Такаги и др.,Заводский журнал, 2013
●Комплексный биоинформационный анализ:Включение оценки генетического разнообразия, которое отражает эволюционный потенциал видов и выявляет надежную филогенетическую связь между видами с минимизированным влиянием конвергентной эволюции и параллельной эволюции
●Дополнительный индивидуальный анализ: например, оценка времени и скорости дивергенции на основе изменений на уровне нуклеотидов и аминокислот.
●Обширные экспертизы и записи публикации: BMKGene более 15 лет накапливал массовый опыт в проектах по популяции и эволюционной генетике, охватывая тысячи видов и т. Д., И внес свой вклад в более чем 1000 проектов высокого уровня, опубликованных в природе, молекулярных растениях, журнале Biotechnology Plant и т. Д.
● Команда с высококвалифицированной биоинформатикой и короткий цикл анализа: С большим опытом в анализе передового геномики команда BMKGene проводит всесторонний анализ с быстрым временем обращения.
● Поддержка после продажи:Наше обязательство выходит за рамки завершения проекта с 3-месячным периодом послепродажного обслуживания. В течение этого времени мы предлагаем последующее наблюдение за проектом, помощь в устранении неполадок и сеансы вопросов и ответов для решения любых запросов, связанных с результатами.
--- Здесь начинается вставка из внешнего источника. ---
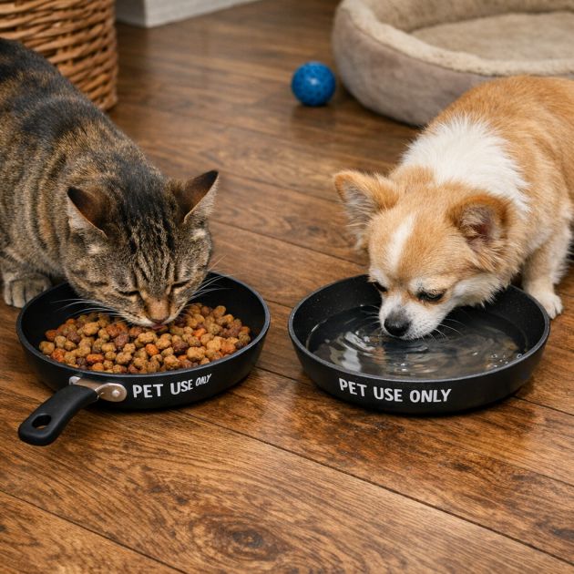 8. Give Nonstick Pans a Second Life as Pet-Only Food and Water Dishes
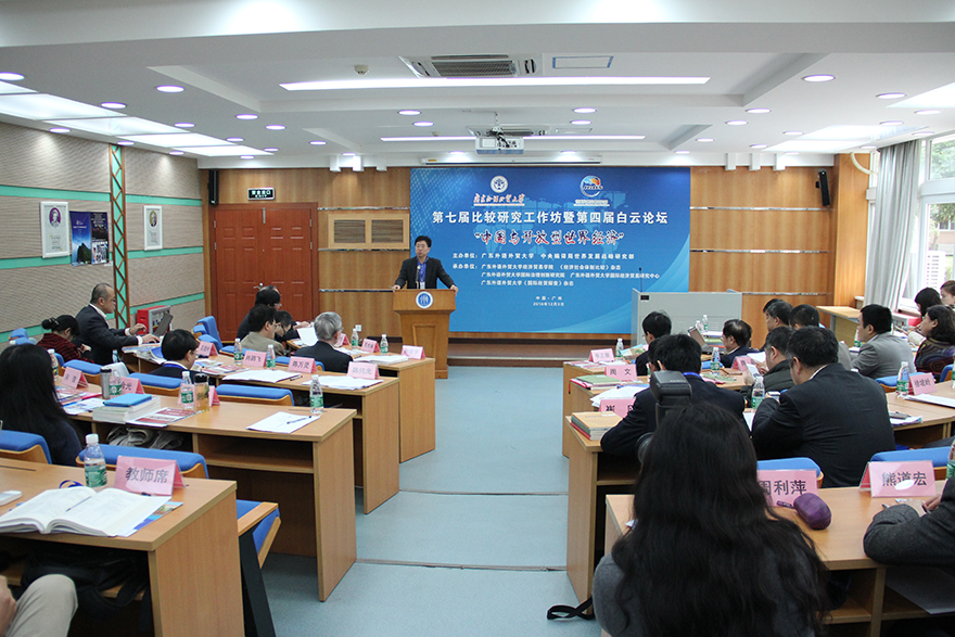 本网讯 为了更好地认识新常态下世界和中国经贸发展的新态势,分析后危机时代全球经贸的新动向,提出促进中国经贸平稳健康发展的对策推动中国经济的发展贡献智慧,12月3日,第七届比较研究工作坊暨第四届白云论坛“中国与开放型世界经济”学术研讨会在我校北校区MBA楼丝纺讲堂举行。出席本次研讨会的有中国世界贸易研究会会长、原商务部副部长、我国驻WTO首任大使孙振宇,中央编译局副局长季正聚,国家外国专家局中国国际人才交流基金会主任苏光明、对外经济贸易大学副校长林桂军、中央编译局世界发展战略研究部副主任、《经济社会体制比较》杂志主编丁开杰、人民日报社《内部参考》主编辛本健,我校党委常委、副校长何传添等。会议由我校经济贸易学院院长张建武主持。

Тип секвенирования | Рекомендуемый масштаб населения | Стратегия секвенирования | Нуклеотидные требования |
Секвенирование всего генома | ≥ 30 человек, с ≥ 10 человек из каждой подгруппы
| 10x | Концентрация: ≥ 1 нг/ мкл Общая сумма ≥ 30 нг Ограниченное или нет деградации или загрязнения |
Специфический локус амплифицированный фрагмент (SLAF) | Глубина тега: 10x Количество тегов: <400 МБ: рекомендуется WGS <1 ГБ: 100K метки 1 ГБ > 2 ГБ: 300K теги Макс 500 тыс. Теги | Концентрация ≥ 5 нг/мкл Общая сумма ≥ 80 нг Nanodrop od260/280 = 1,6-2,5 Агарозный гель: нет или ограниченного деградации или загрязнения
|
Служба включает в себя анализ структуры популяции (филогенетическое дерево, PCA, диаграмма стратификации населения), разнообразие населения и отбор населения (неравновесное уравнение связей, селективный выбор полезных участков). Сервис также может включать индивидуальный анализ (например, время дивергенции, поток генов).
*Демо -результаты, показанные здесь, взяты из геномов, опубликованных с Bmkgene
1. Анализ эволюции содержит построение филогенетического дерева, структуры популяции и PCA на основе генетических вариаций.
Филогенетическое дерево представляет собой таксономические и эволюционные отношения между видами с общим предком.
PCA направлен на визуализацию близости между подпущными.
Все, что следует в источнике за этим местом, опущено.